1. MCT: oil and creamers:

  • Medium-chain triglycerides are a type of saturated fats that don’t have flavor and therefore are very versatile. Since they aren’t digested like long-chain fatty acids, they can be used for energy immediately. They go directly to your liver where MCT’s are converted into ketones that can be a healthy source of clean energy for your system to burn.
  • Why Use them? MCT’s have been studied for their positive effects on hunger, cravings, energy, athletic stamina, weight management, cognition and neurological health, mood and decreased risk of chronic disease (known as “lifestyle” diseases such as diabetes, heart disease, Alzheimer’s, cancer and autoimmune conditions).

2. Coconut: Virgin oil, butter & meat:

  • Rich in MCT fats and saturated fatty acids. Coconut oils can be used in a variety of culinary uses from sautéing to smoothies and even my favorite — fat bombs. But you can use coconut oil in your beauty and hygiene products as well. I love using it in homemade toothpaste, body creams and lotions, and general skin care.
  • Why Use them? Coconut oils have been studied and their virtues extend beyond being an efficient source of quick and easy to digest fuel. Coconut oils have gained momentum to be one of the essential fats we all benefit from without worry of these saturated fats clogging our arteries or causing digestive issues. The science proves the opposite in fact. My favorite therapeutic benefits of coconut are its positive impact on cholesterol (HDL, LDL and particle size), weight management (the MCT oils can help curb your appetite and normalize insulin levels), and also its role in immunity and inflammation (The lauric acid, capric and caprylic acids in coconut oil are antifungal, antibacterial and antiviral).

Okay, I have a bonus favorite for using coconut oil — applying it topically helps improve the presence of wrinkles, fine lines, and dry ragged skin. I love using coconut oil to hydrate my skin and give it a radiant glow!

3. Olive: Virgin oil and olives:

  • Most of the fat (more than 75 percent) in olives is oleic acid, a monounsaturated fat known to most people as being the queen of healthy fats.
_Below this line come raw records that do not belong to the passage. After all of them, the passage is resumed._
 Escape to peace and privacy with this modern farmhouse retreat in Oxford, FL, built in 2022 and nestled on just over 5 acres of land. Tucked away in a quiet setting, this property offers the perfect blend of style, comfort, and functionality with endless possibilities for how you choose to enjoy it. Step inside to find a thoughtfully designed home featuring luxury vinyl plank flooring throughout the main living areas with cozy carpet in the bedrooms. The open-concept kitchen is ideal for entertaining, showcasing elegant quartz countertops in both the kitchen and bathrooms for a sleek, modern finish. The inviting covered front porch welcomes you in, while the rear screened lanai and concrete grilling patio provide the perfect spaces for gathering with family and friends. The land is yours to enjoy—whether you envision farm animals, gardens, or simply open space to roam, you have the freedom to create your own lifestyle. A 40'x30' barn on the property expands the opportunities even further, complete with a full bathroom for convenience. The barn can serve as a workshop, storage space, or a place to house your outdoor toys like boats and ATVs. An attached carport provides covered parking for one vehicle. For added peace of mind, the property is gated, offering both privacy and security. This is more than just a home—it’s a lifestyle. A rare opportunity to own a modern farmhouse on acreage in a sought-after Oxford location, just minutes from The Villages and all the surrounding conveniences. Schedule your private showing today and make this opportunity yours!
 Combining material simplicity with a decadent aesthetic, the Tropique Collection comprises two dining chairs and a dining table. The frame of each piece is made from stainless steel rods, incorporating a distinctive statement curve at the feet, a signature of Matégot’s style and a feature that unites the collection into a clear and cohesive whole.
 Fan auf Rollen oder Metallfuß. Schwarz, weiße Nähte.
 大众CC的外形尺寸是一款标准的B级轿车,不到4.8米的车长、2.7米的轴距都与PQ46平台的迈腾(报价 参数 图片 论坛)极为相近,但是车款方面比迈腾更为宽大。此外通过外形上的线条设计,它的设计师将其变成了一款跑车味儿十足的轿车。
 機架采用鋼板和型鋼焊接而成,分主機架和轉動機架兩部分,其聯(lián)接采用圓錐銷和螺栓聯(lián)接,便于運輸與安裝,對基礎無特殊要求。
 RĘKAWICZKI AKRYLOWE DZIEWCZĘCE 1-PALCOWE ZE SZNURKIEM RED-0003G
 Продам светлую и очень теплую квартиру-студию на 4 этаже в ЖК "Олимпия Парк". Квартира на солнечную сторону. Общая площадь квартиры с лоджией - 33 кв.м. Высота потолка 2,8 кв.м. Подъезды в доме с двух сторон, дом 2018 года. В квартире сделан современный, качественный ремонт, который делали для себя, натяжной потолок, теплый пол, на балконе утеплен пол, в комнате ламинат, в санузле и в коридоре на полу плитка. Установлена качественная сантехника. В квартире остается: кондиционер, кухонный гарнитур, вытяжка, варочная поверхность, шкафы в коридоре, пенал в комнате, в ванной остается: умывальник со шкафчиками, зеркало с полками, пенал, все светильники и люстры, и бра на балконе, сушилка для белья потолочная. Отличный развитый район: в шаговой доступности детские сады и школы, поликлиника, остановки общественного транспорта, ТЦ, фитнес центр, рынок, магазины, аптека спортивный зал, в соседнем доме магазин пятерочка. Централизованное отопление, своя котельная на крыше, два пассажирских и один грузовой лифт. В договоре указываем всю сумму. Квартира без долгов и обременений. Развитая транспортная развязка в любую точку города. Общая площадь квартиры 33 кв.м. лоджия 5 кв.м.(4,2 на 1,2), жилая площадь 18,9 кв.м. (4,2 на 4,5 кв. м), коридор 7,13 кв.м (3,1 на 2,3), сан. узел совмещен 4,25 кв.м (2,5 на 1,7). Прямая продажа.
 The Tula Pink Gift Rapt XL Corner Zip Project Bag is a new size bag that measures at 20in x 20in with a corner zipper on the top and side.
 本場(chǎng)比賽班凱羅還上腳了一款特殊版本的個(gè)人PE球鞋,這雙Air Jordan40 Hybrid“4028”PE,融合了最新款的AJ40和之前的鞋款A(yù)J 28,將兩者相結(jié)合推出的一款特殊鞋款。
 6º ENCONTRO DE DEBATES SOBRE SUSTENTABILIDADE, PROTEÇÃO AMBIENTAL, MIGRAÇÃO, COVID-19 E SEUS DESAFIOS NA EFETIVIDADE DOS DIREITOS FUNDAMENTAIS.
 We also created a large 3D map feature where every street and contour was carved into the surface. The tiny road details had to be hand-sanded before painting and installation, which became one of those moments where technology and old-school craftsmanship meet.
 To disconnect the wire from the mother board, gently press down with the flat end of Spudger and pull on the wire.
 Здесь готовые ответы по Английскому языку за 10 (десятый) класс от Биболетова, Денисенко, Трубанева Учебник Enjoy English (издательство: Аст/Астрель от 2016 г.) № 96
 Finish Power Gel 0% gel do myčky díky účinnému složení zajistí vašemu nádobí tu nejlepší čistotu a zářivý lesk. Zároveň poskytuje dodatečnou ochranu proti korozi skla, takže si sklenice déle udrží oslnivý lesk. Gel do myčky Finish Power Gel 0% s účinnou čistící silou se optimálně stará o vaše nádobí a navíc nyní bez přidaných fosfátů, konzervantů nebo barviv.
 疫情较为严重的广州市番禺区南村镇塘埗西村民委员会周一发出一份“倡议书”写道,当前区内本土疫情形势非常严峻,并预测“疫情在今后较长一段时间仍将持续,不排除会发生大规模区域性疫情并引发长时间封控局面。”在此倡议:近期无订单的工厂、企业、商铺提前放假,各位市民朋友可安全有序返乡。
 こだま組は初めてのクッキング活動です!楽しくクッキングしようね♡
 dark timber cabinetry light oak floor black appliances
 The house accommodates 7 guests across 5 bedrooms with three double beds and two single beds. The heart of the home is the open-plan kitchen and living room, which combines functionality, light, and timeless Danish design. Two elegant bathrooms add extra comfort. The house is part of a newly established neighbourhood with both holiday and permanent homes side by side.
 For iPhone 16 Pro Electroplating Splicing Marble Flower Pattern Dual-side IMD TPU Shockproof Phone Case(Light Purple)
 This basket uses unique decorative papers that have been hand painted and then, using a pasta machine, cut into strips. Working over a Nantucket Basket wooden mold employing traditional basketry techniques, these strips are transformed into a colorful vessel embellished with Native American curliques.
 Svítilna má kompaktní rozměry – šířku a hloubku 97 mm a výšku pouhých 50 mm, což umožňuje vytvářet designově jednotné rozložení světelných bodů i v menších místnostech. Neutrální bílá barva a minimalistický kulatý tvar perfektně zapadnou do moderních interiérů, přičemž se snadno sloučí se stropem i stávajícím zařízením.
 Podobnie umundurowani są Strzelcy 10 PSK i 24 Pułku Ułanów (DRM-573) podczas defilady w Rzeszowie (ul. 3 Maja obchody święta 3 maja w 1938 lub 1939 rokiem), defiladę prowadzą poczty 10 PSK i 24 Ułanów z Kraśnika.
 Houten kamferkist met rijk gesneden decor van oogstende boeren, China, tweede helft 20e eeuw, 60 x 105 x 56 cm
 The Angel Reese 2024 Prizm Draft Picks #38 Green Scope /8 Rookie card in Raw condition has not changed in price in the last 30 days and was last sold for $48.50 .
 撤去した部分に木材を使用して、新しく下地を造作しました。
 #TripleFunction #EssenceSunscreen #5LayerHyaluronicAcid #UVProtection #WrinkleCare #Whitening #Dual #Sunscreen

While I want you to enjoy lots of monounsaturated fats in your meals, ensuring the quality of these is important. Unlike saturated fats, monounsaturated fats include an empty chair at the table for oxidation to occur. When this happens, what was initially a healthy fat can quickly become a bad fat. Always keep your olive oil in a dark and cool place and after each use, make sure to put the cap on. I love snacking on olives, adding them to pesto’s and sauces and toping poached eggs or fish with tapenade. I try not to cook with olive oil and would much rather drizzle it on top of my food.
  • Olives contain an abundance of antioxidants that have been studied for preventing cancer, anti-aging, heart health and even boosting your mood.

4. Avocado: Virgin oil and avocado meat

  • Avocado is probably one of my favorite fats. I eat several of them daily in fact. Like olive oil, they contain a large amount of oleic fatty acids. Oleic acid is known to decrease inflammation and lower the risk of the major lifestyle diseases plaguing us today. Avocado oil has a higher smoke point than olive oil so you can cook with the oil in addition to drizzling it over your food or use it in dressings and sauces.
  • Avocados are intensely nutrient rich. Aside from their load of good fats, they contain fiber, B vitamins including folate, vitamin E, vitamin C and minerals like potassium, magnesium, and zinc. Because of this amazing synergy, it is not surprising that they’ve been associated with weight loss, lowered risk of heart disease, improved insulin levels and overall less risk of metabolic syndrome. As someone personally invested in heart health, I find their nutrition profile a saving grace for my interest in foods that are cardioprotective. The literature is really exciting about avocado’s raising HDL levels and decreasing triglycerides. It’s time to stop fearing these good fats and instead, it’s time to celebrate them!